*** Opening of Input data ***

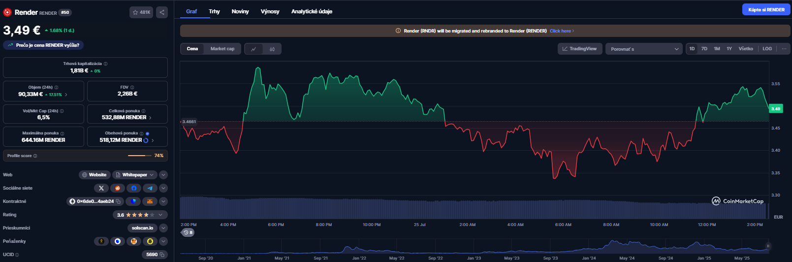Render v skratke. Zdroj: coinmarketcap.com
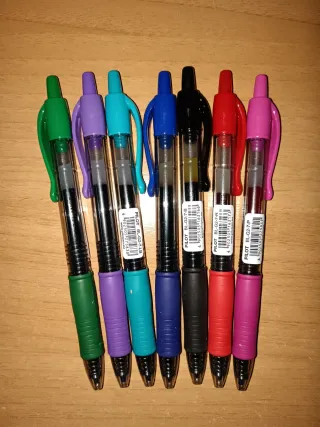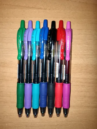 Conjunto de siete bolígrafos Pilot G-2 con punta de 0.7mm. - Incluye bolígrafos de colores surtidos. - Punta fina para escritura precisa.
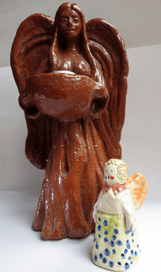 Plastiken oder Skulpturen - ob als Standplastik mit Kerzenhalter oder als Engel -, diese Figuren bewirken immer eine belebende Raumwirkung. Der Betrachter wird zum Umschreiten angeregt,
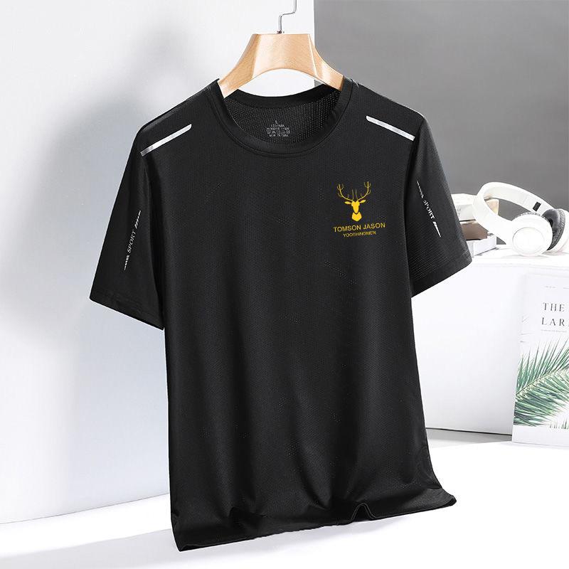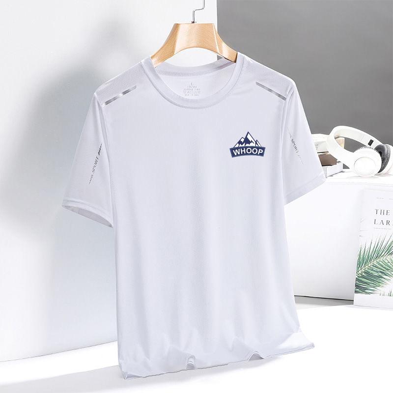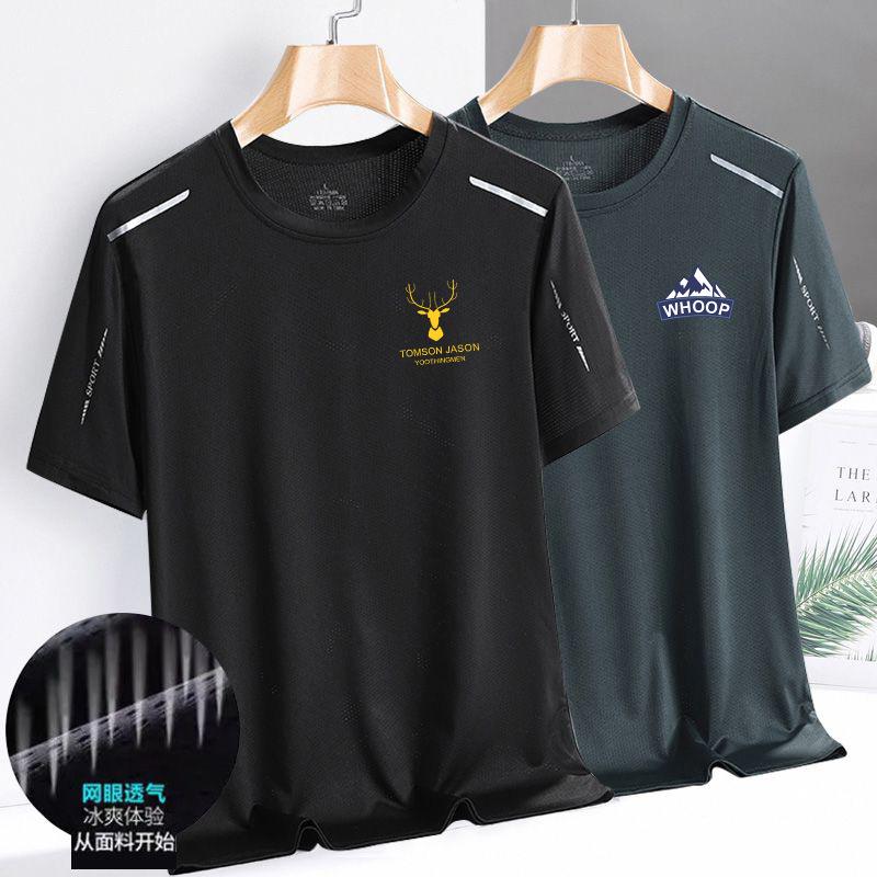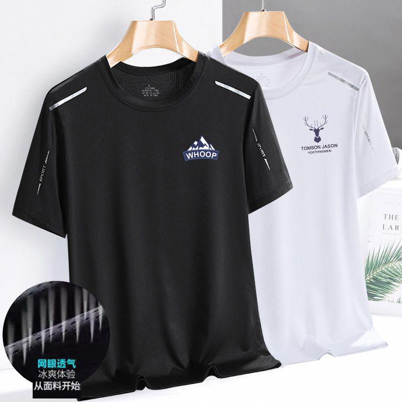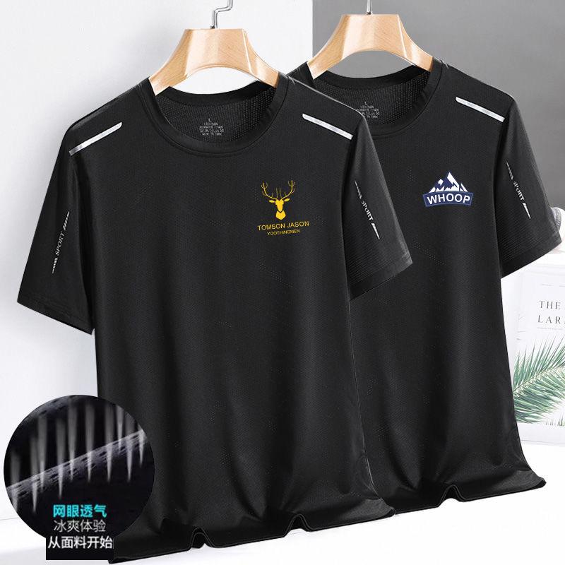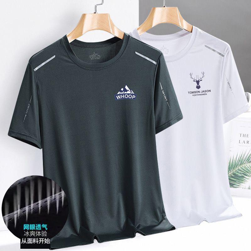 Nueva camiseta de verano de malla de seda helada para hombre, cuello redondo, ropa de secado rápido, informal, de manga corta, con estampado de moda, transpirable, talla grande, deportiva

*** Close of Input data ***

**Work item:** Exactly as written above, retype the lines starting at the one holding "Conjunto de siete" and ending at the one holding "Plastiken oder Skulpturen", both included, but not the pictures.

**Solution:**
 Conjunto de siete bolígrafos Pilot G-2 con punta de 0.7mm. - Incluye bolígrafos de colores surtidos. - Punta fina para escritura precisa.
 Plastiken oder Skulpturen - ob als Standplastik mit Kerzenhalter oder als Engel -, diese Figuren bewirken immer eine belebende Raumwirkung. Der Betrachter wird zum Umschreiten angeregt,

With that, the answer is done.